#### Excerpted data:
----------------------------------------

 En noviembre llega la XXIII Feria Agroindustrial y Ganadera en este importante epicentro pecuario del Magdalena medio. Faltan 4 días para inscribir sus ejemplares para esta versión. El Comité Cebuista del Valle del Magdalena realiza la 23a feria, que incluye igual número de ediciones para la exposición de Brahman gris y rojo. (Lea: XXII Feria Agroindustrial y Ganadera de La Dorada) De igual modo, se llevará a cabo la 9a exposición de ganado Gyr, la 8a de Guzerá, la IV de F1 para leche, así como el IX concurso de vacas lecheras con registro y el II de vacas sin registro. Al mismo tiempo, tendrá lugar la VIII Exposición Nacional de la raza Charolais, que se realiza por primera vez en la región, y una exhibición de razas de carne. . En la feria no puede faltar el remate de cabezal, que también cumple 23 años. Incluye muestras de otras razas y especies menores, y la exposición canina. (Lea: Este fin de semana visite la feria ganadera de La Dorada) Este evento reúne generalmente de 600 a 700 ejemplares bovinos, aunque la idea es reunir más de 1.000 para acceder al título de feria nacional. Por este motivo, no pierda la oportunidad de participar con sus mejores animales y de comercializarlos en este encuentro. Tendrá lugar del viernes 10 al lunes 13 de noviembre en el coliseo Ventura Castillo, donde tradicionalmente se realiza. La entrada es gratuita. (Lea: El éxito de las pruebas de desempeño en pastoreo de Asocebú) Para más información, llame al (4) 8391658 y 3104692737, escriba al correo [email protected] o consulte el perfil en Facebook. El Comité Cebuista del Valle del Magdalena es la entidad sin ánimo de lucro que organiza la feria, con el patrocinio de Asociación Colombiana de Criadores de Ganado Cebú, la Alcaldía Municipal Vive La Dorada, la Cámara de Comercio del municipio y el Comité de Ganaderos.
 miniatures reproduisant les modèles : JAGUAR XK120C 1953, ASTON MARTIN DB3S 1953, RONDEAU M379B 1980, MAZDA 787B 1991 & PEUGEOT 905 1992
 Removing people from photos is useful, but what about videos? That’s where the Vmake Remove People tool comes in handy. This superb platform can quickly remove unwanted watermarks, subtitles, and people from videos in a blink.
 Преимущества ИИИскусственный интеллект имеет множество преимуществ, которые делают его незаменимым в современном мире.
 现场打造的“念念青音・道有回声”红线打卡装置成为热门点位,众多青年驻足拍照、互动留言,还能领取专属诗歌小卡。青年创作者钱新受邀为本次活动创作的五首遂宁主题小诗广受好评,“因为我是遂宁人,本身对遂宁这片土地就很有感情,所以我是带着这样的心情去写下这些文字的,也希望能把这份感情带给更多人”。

----------------------------------------

#### Your task:
Only a verbatim transcription of the lines from the one containing "Преимущества ИИИскусственный интеллект" through the last line of the records counts as the answer.

#### Answer for this exercise:
 Преимущества ИИИскусственный интеллект имеет множество преимуществ, которые делают его незаменимым в современном мире.
 现场打造的“念念青音・道有回声”红线打卡装置成为热门点位,众多青年驻足拍照、互动留言,还能领取专属诗歌小卡。青年创作者钱新受邀为本次活动创作的五首遂宁主题小诗广受好评,“因为我是遂宁人,本身对遂宁这片土地就很有感情,所以我是带着这样的心情去写下这些文字的,也希望能把这份感情带给更多人”。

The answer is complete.